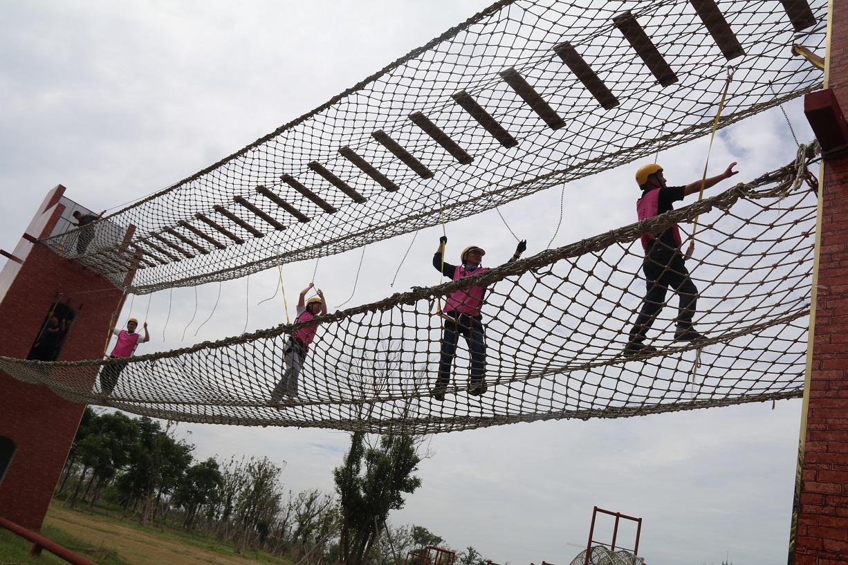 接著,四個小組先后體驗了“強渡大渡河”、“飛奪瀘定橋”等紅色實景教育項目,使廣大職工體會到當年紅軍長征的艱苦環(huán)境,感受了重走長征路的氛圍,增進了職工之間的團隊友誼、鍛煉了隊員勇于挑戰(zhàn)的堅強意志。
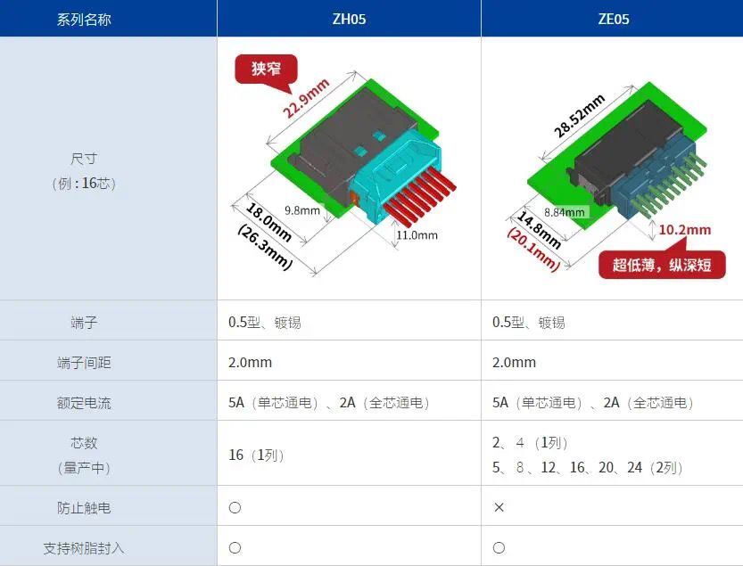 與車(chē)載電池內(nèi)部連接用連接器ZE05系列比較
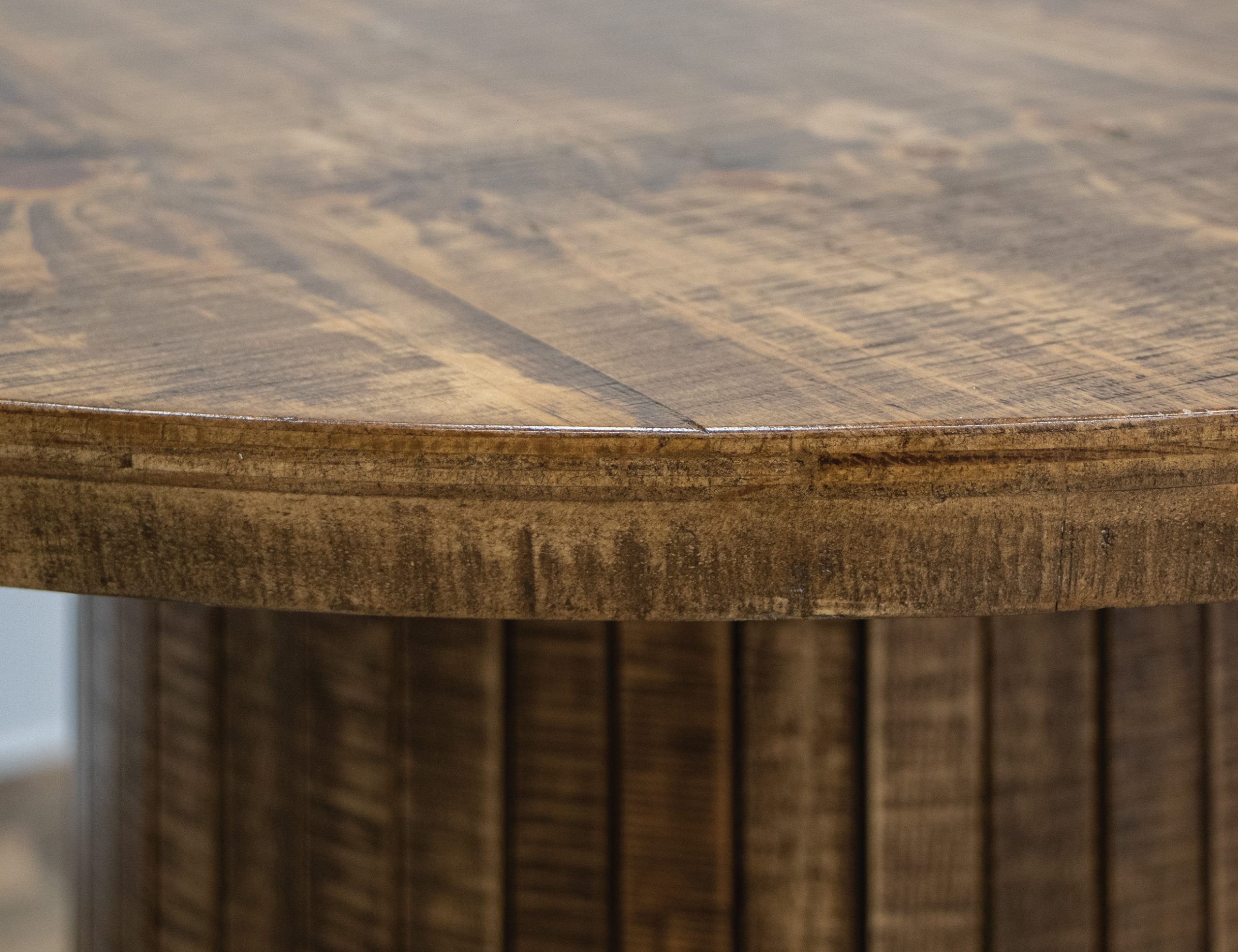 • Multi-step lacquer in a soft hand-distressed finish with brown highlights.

TASK ITEM: All of the data above is to be repeated exactly, with the pictures left out.

SOLUTION FOR THIS EXERCISE:
 接著,四個小組先后體驗了“強渡大渡河”、“飛奪瀘定橋”等紅色實景教育項目,使廣大職工體會到當年紅軍長征的艱苦環(huán)境,感受了重走長征路的氛圍,增進了職工之間的團隊友誼、鍛煉了隊員勇于挑戰(zhàn)的堅強意志。
 與車(chē)載電池內(nèi)部連接用連接器ZE05系列比較
 • Multi-step lacquer in a soft hand-distressed finish with brown highlights.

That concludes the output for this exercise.